It has been shown that travel and leisure existed in early Han Dynasty China as scholars and priests explored mountainous areas giving rise to one of the civilizations most enduring art forms, the landscape painting. Travel and leisure also seem to have gone hand in hand with that other widespread phenomenon, the pilgrimage, with the attendant development of hostelries, storytelling and souvenir production.
Industrial forms of tourism were introduced to Asia by European colonial powers in the late 19th and early 20th century with the development of hilltop stations to provide relief for officials and merchants working in tropical areas. Grand hotels were introduced with the Sarkies brothers opening up famous establishments in Myanmar (Burma), Singapore and Indonesia (Dutch East Indies). The inter war cruise ship industry made Asia accessible to wealthy Europeans and Americans with perceptible impacts on Asian hospitality traditions and visual and performing arts.
Western artists used the opportunities provided by tourism to open studios in Asia, notably Bali, often working alongside indigenous artists to create hybrid and highly creative art forms. The post-war era opened up parts of Asia to Western mass tourism, notably the so-called ‘rest and recreation’ of the US military in Thailand.
Tourism was also used as a nation building strategy by Asian leaders such as Suharto in Indonesia to encourage his countrymen to travel and to get to know their country and to project a tourist friendly external image of stability.

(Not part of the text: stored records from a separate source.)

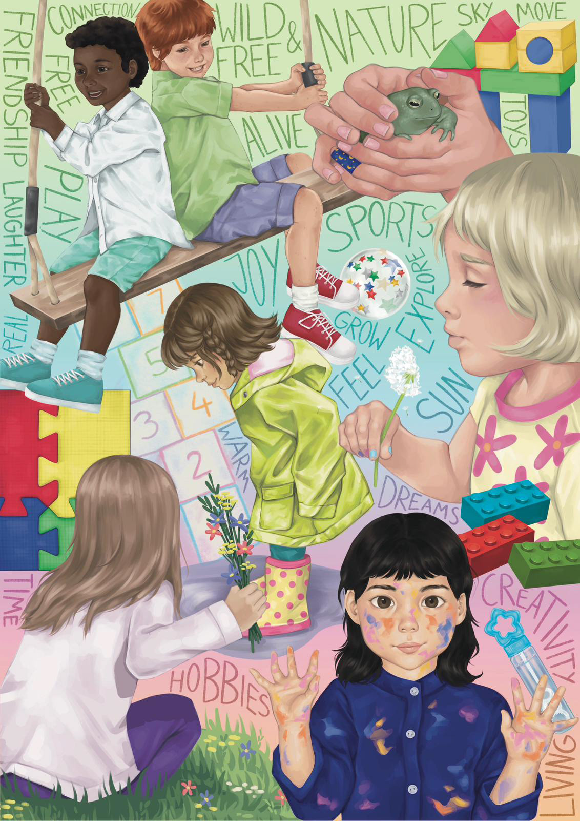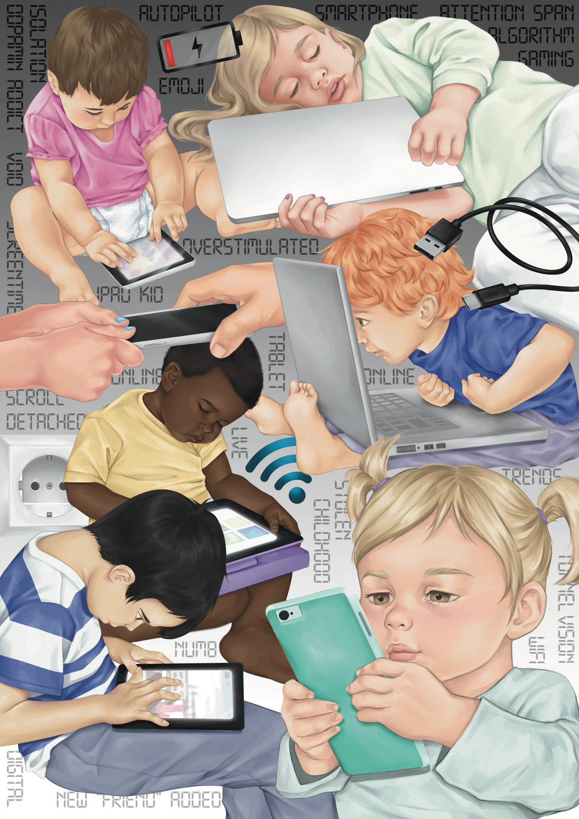 „Kindheit im digitalen Wandel“ thematisiert Erziehung in einer zunehmend digitalen Welt. Zwei illustrative Collagen stellen eine bildschirmfreie Kindheit einer Kindheit mit übermäßiger Mediennutzung gegenüber. Das Projekt versteht sich als visueller Denkanstoß für Eltern, den Umgang mit digitalen Medien in der frühen Kindheit zu reflektieren.
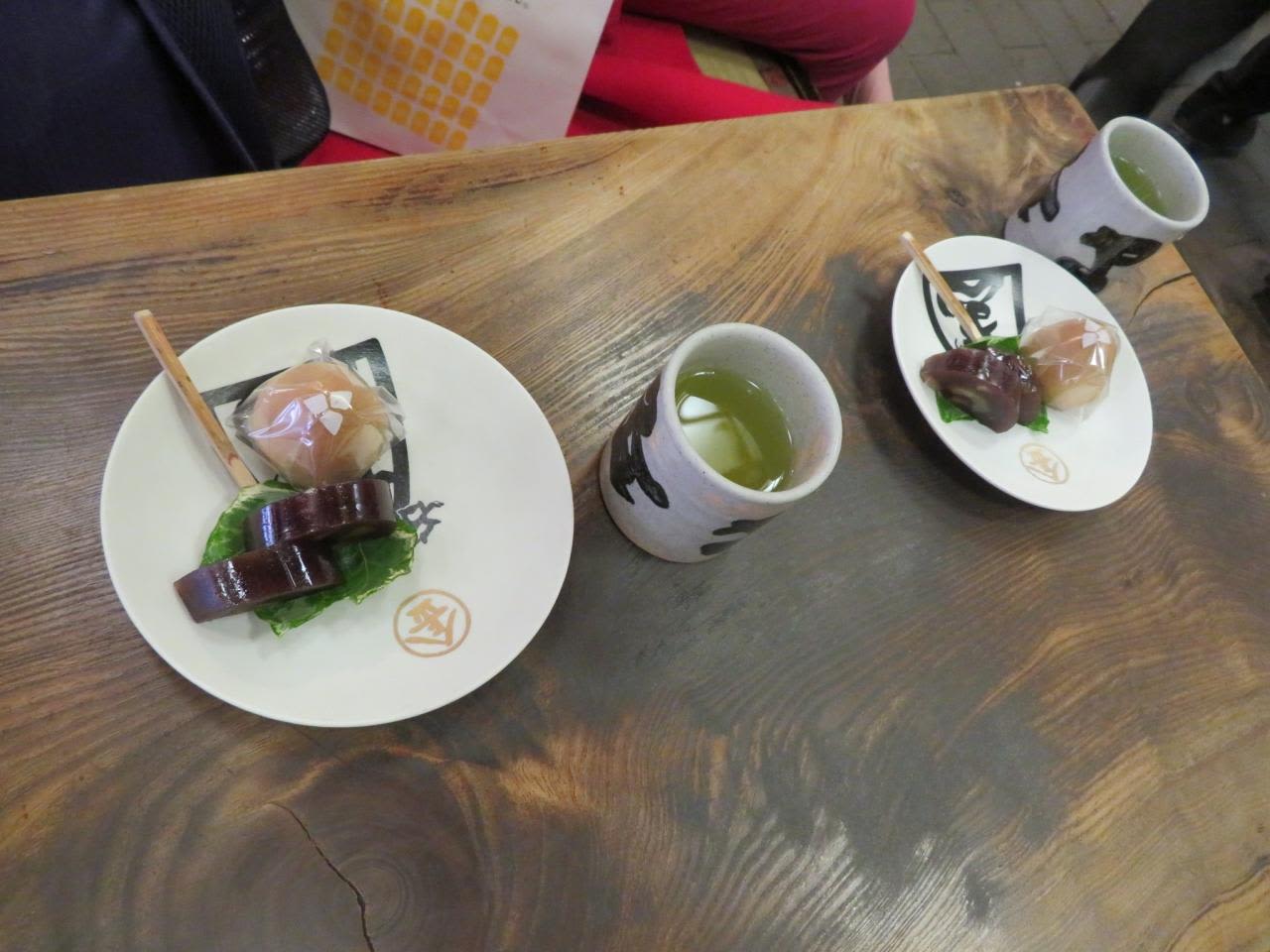 にっぽん丸の乗船客は甘味処「灸まん本舗石段や」で和菓子とお茶の接待。
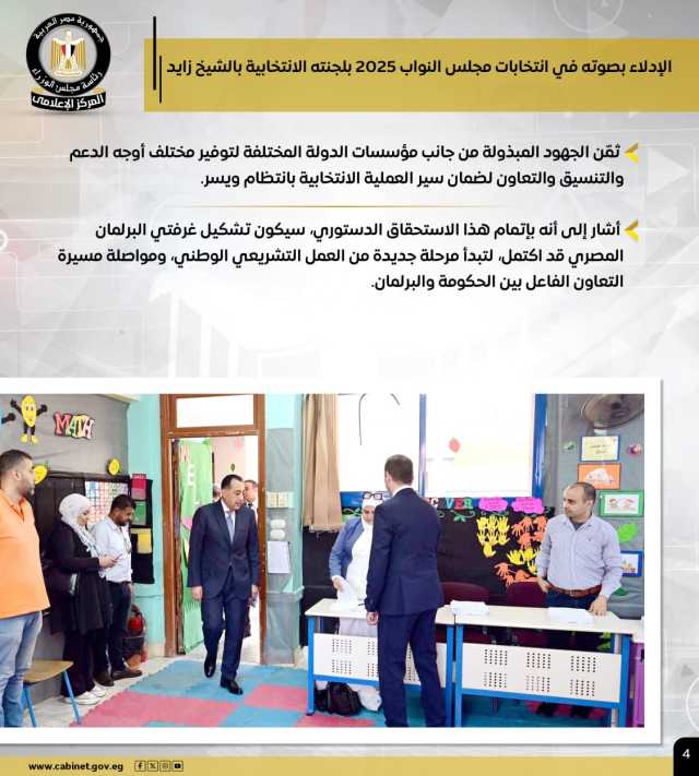 كما أدلى بصوته في انتخابات مجلس النواب 2025، مثمنًا جهود مؤسسات الدولة المختلفة، لتوفير مختلف أوجه الدعم والتنسيق والتعاون لضمان سير العملية الانتخابية بانتظام ويسر.
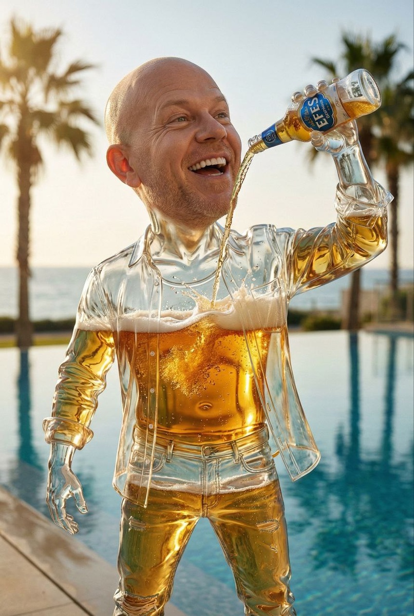 efes. Его голова слишком большая и выразительная, как у карикатуры, с широкой улыбкой и восторженными глазами, в то время как все его тело сделано из прозрачного стекла, наполовину заполненного плещущейся внутри водой цвета пива с пузыриками. Видно, как вода попадает ему в рот и струится по прозрачному телу, создавая динамичные пузырьки и движения. На нем прозрачная одежда, похожая на стекло, из того же материала. Теплое кинематографическое освещение кухни, малая глубина резкости, ультрадетализированные текстуры, высокая контрастность, реализм 8k, стиль коммерческой фотографии, центрированная композиция, вертикальный кадр, внешний вид рекламы в социальных сетях, четкий фокус, эффектные отражения и преломления в стеклянном корпусе ➡️ Генерируем ТУТ 💵 Отблагодарить
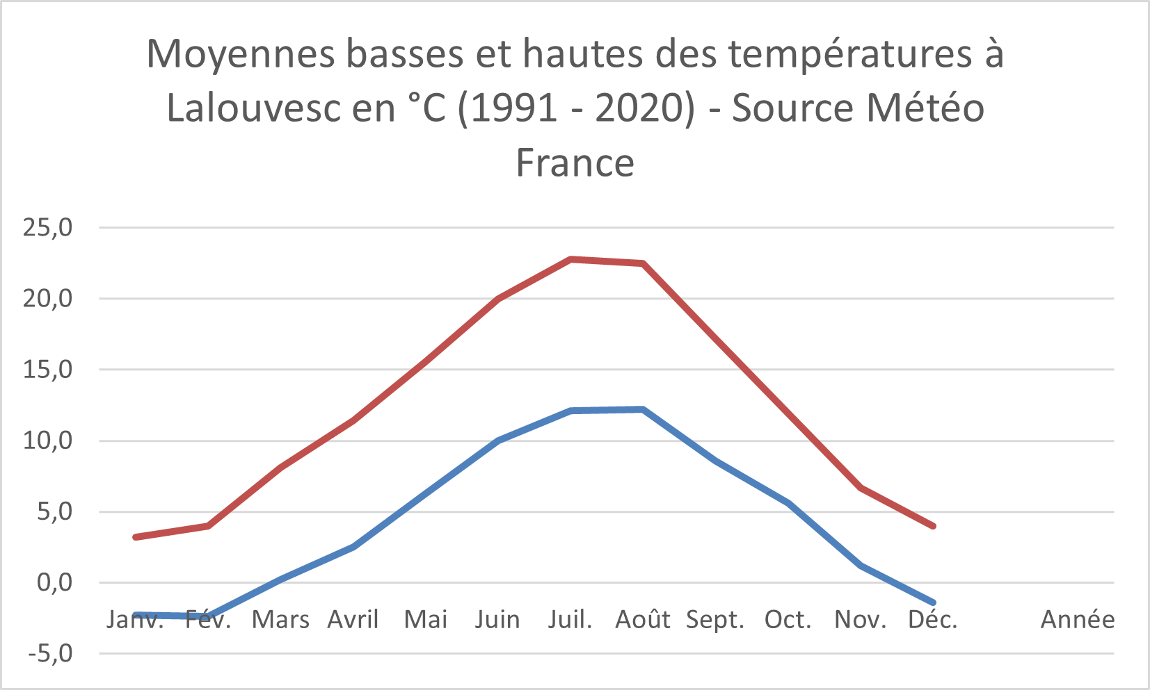 Météo-France nous fournit aussi d’intéressantes indications sur la température. Voici donc, mois par mois la moyenne des températures relevées sur vingt ans (1991-2020) à Lalouvesc. La courbe rouge indique la moyenne des températures maximales constatées, la courbe bleue la moyenne des températures minimales.
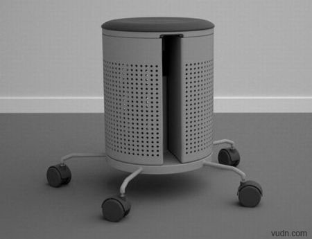 紙簍和椅子是辦公室里不可或缺的物品。這款轉椅將字紙簍安置在了轉椅椅墊下方,要想扔垃圾,您還得站起來。雖說扔垃圾的步驟變得繁瑣了,但它卻讓您無形地進行了更多運動,何樂不為呢?
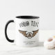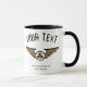 Crachá de aviação. Ideia de presente para um piloto. Caneca. Modelo personalizável. Ilustração desenhada à mão. Adicione seu próprio texto ou simplesmente exclua-o. Você também pode alterar todas as cores e fontes conforme desejado. Divirta-se!
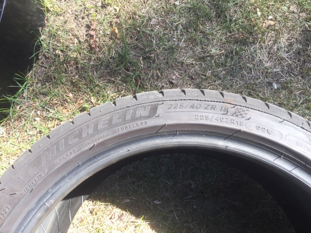 1st 225/40/18 Michelin Pilot Sport 4, tillvv13 2021, inköpt 2022, Max 500 mil, slitet på insidan (-3.1g camber) 600kr
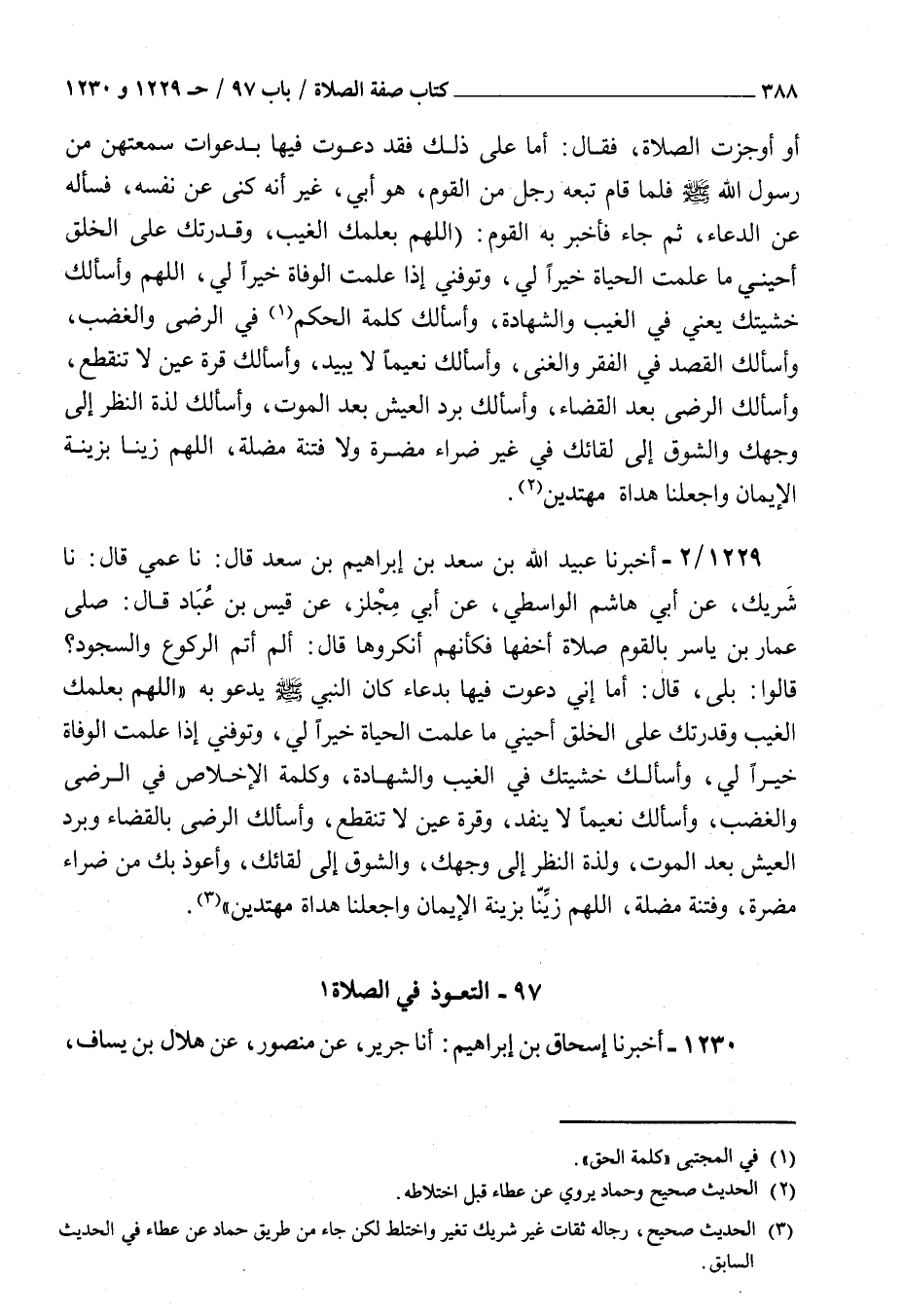 1229 - أخبرنا عبيد الله بن سعد بن إبراهيم بن سعد قال نا عمي قال نا شريك عن أبي هاشم الواسطي عن أبي مجلز عن قيس بن عباد قال : صلى عمار بن ياسر بالقوم صلاة أخفها فكأنهم أنكروها قال ألم أتم الركوع والسجود قالوا بلى قال أما إني دعوت فيها بدعاء كان النبي صلى الله عليه و سلم يدعو به اللهم بعلمك الغيب وقدرتك على الخلق أحيني ما علمت الحياة خيرا لي وتوفني إذا علمت الوفاة خيرا لي وأسألك خشيتك في الغيب والشهادة وكلمة الإخلاص في الرضى والغضب وأسألك نعيما لا ينفد وقرة عين لا تنقطع وأسألك الرضى بالقضاء وبرد العيش بعد الموت ولذة النظر إلى وجهك والشوق إلى لقائك وأعوذ بك من ضراء مضرة وفتنة مضلة اللهم زينا بزينة الإيمان واجعلنا هداة مهتدين

As the Asian economies developed, countries like Japan became major sources of outbound tourism with accompanying impacts on Western retail practices, especially with regard to fashion and luxury. By 2014 China had become the largest outbound and inbound tourism market with the introduction of China-friendly hotel ranking systems in Europe, such as the 5-dragons scheme, began to be experimented with in Europe.
Indian outbound tourism also became significant with some novel characteristics, such as an interest in the hybrid Indian-British culinary tradition of the ‘curry house’. Tourism is also one of the drives that has spread Asian culinary traditions around the world.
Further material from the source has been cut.